**WHAT IS EXPECTED**
In the entries that follow, find the line containing "İş yerindeki plastik" and the line containing "韓國傳統(tǒng)食品/點心 愛如花 百年草小油蜜果(小包)——", then copy exactly everything from the first through the second except the pictures.

**DATASET ENTRIES**
- - -

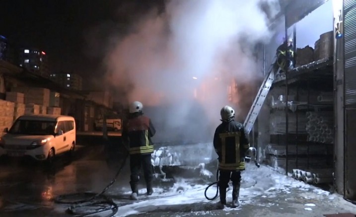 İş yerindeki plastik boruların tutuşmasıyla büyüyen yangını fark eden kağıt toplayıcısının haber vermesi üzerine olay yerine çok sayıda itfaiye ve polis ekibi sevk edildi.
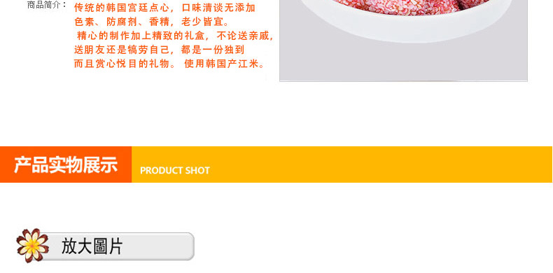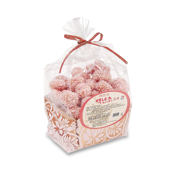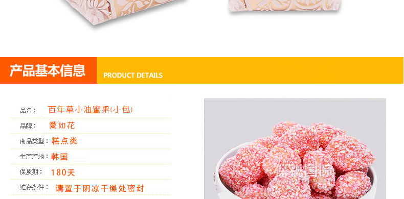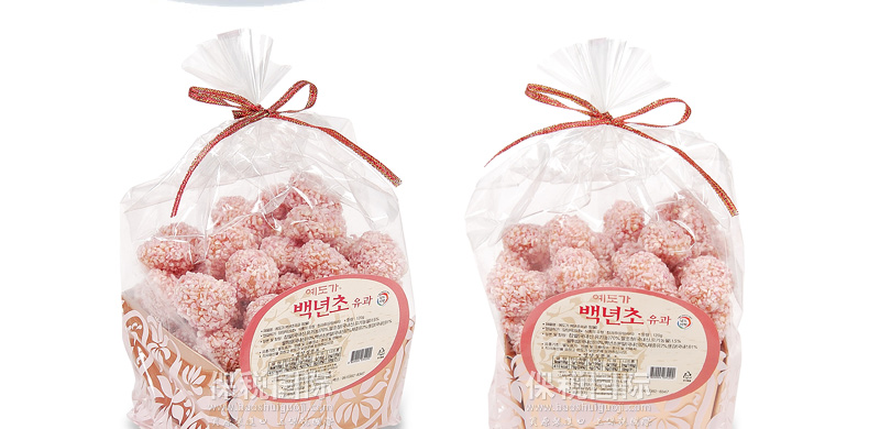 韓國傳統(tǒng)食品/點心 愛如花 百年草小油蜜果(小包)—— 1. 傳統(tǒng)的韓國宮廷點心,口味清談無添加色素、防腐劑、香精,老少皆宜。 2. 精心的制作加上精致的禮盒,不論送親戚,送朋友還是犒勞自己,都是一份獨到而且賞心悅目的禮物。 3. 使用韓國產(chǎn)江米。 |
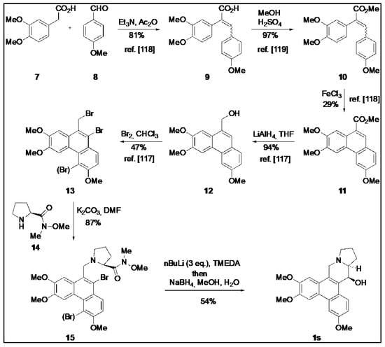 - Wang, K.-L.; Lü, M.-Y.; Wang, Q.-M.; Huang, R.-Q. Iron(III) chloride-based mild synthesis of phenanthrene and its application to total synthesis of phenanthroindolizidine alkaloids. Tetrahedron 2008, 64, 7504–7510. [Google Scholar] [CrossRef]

- - -

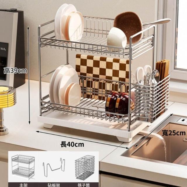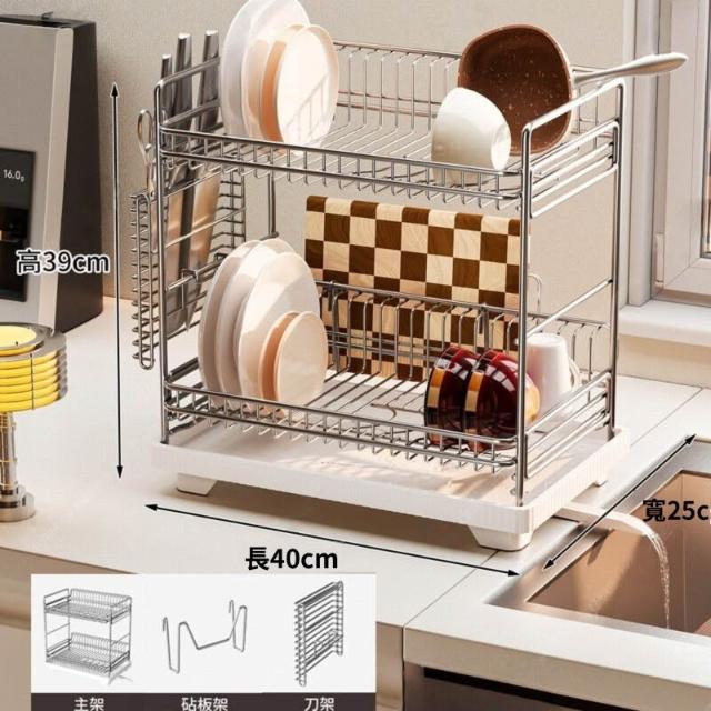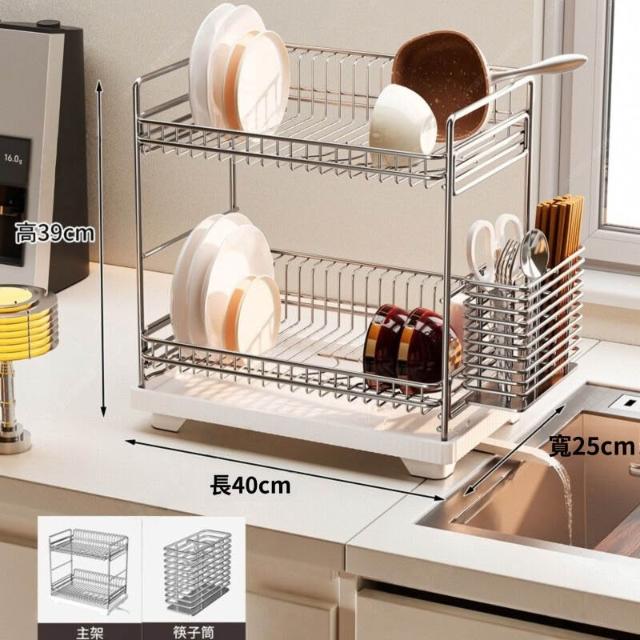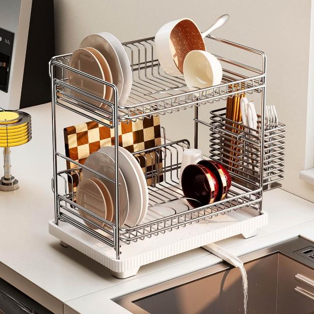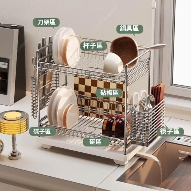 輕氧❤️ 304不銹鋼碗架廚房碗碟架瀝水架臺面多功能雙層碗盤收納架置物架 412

- - -

**RESPONSE TO THE EXERCISE**
 İş yerindeki plastik boruların tutuşmasıyla büyüyen yangını fark eden kağıt toplayıcısının haber vermesi üzerine olay yerine çok sayıda itfaiye ve polis ekibi sevk edildi.
 韓國傳統(tǒng)食品/點心 愛如花 百年草小油蜜果(小包)—— 1. 傳統(tǒng)的韓國宮廷點心,口味清談無添加色素、防腐劑、香精,老少皆宜。 2. 精心的制作加上精致的禮盒,不論送親戚,送朋友還是犒勞自己,都是一份獨到而且賞心悅目的禮物。 3. 使用韓國產(chǎn)江米。 |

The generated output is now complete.